YOUR INSTRUCTIONS: Nothing but the text of the records belongs in your answer: repeat all of it exactly and leave out the images.

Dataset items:
........

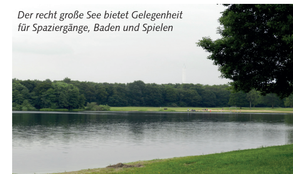
Der recht große See bietet Gelegenheit für Spaziergänge, Baden und Spielen

Ob von der Innenstadt entlang des Bürgerparks oder von der Universität aus: Den Unisee im benachbarten Horn-Lehe anzusteuern ist immer einen Versuch wert. Der Baggersee – der Bau der Universität verlangte 1969/70 Sand – hat die beachtliche Größe von über 29 Hektar und eine maximale Tiefe von 15 Metern.
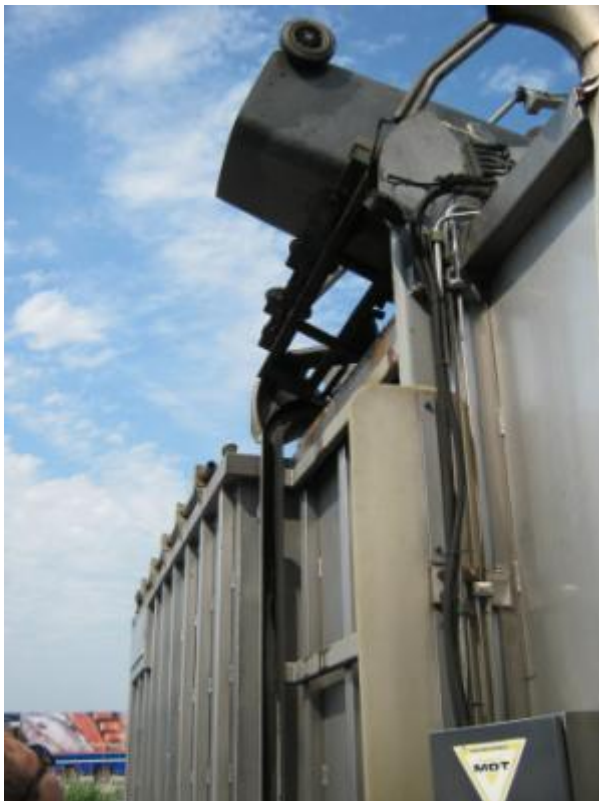
5 juni 2015: Klike's worden geleegd in vrachtwagen Rendac
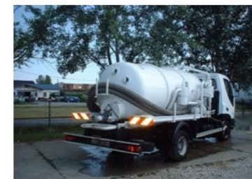
3628 Szennyvízszállító és szippantó jármű
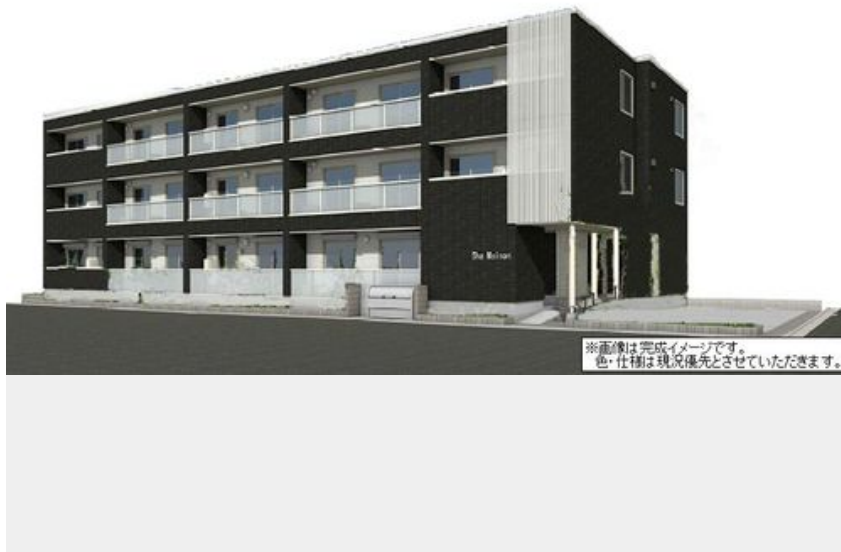
※画像は完成イメージです。色・仕物は現況優先とさせていただきます。
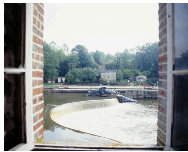
Le barrage, la centrale hydroélectrique, l'écluse, le transformateur, la maison éclusière et le fournil, vus depuis le premier étage du moulin.
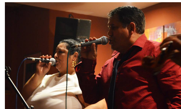
Na oslave zahrali a zaspievali aj Sendreiovcí.
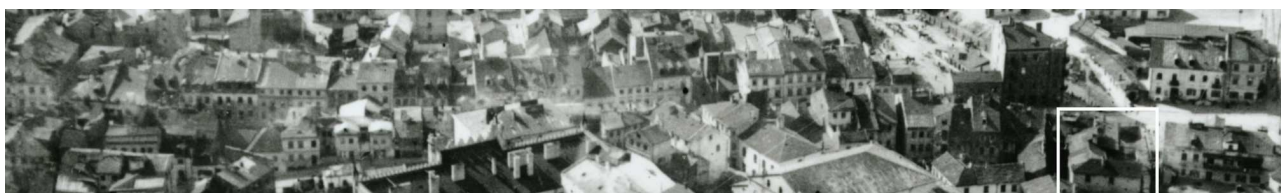
Fragment panoramy Lublina, lata 30., ul. Szeroka/A fragment of panorama of Lublin in the 1930s, Szeroka street,
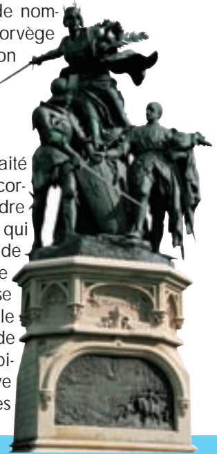
> Bataille de Formigny

L'un de leur chef, Rollon, signe avec Charles le Simple le traité de Saint-Clair-sur-Epte en 911. Il se voit ainsi octroyer ce qui correspondrait aujourd'hui à la Haute-Normandie. Il faut attendre 924 pour que le Bessin devienne également normand. Rollon, qui avait épousé Poppa, fille du comte Béranger, gouverneur de Bayeux, devient alors le 1 er Duc de Normandie. Le plus célèbre d'entre eux, Guillaume le Conquérant , voit le jour à Falaise en 1027 et devient Roi d'Angleterre, après la bataille d'Hastings en 1066. La guerre de Cent Ans est une période tourmentée durant laquelle se succèdent, à partir de 1337, épisodes troubles et intervalles pacifiques. La reconquête définitive est marquée par la bataille de Formigny en 1450 où les
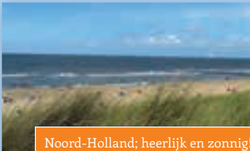
Noord-Holland; heerlijk en zonnig!

........

YOUR RESPONSE:
Der recht große See bietet Gelegenheit für Spaziergänge, Baden und Spielen

Ob von der Innenstadt entlang des Bürgerparks oder von der Universität aus: Den Unisee im benachbarten Horn-Lehe anzusteuern ist immer einen Versuch wert. Der Baggersee – der Bau der Universität verlangte 1969/70 Sand – hat die beachtliche Größe von über 29 Hektar und eine maximale Tiefe von 15 Metern.
5 juni 2015: Klike's worden geleegd in vrachtwagen Rendac
3628 Szennyvízszállító és szippantó jármű
※画像は完成イメージです。色・仕物は現況優先とさせていただきます。
Le barrage, la centrale hydroélectrique, l'écluse, le transformateur, la maison éclusière et le fournil, vus depuis le premier étage du moulin.
Na oslave zahrali a zaspievali aj Sendreiovcí.
Fragment panoramy Lublina, lata 30., ul. Szeroka/A fragment of panorama of Lublin in the 1930s, Szeroka street,
> Bataille de Formigny

L'un de leur chef, Rollon, signe avec Charles le Simple le traité de Saint-Clair-sur-Epte en 911. Il se voit ainsi octroyer ce qui correspondrait aujourd'hui à la Haute-Normandie. Il faut attendre 924 pour que le Bessin devienne également normand. Rollon, qui avait épousé Poppa, fille du comte Béranger, gouverneur de Bayeux, devient alors le 1 er Duc de Normandie. Le plus célèbre d'entre eux, Guillaume le Conquérant , voit le jour à Falaise en 1027 et devient Roi d'Angleterre, après la bataille d'Hastings en 1066. La guerre de Cent Ans est une période tourmentée durant laquelle se succèdent, à partir de 1337, épisodes troubles et intervalles pacifiques. La reconquête définitive est marquée par la bataille de Formigny en 1450 où les
Noord-Holland; heerlijk en zonnig!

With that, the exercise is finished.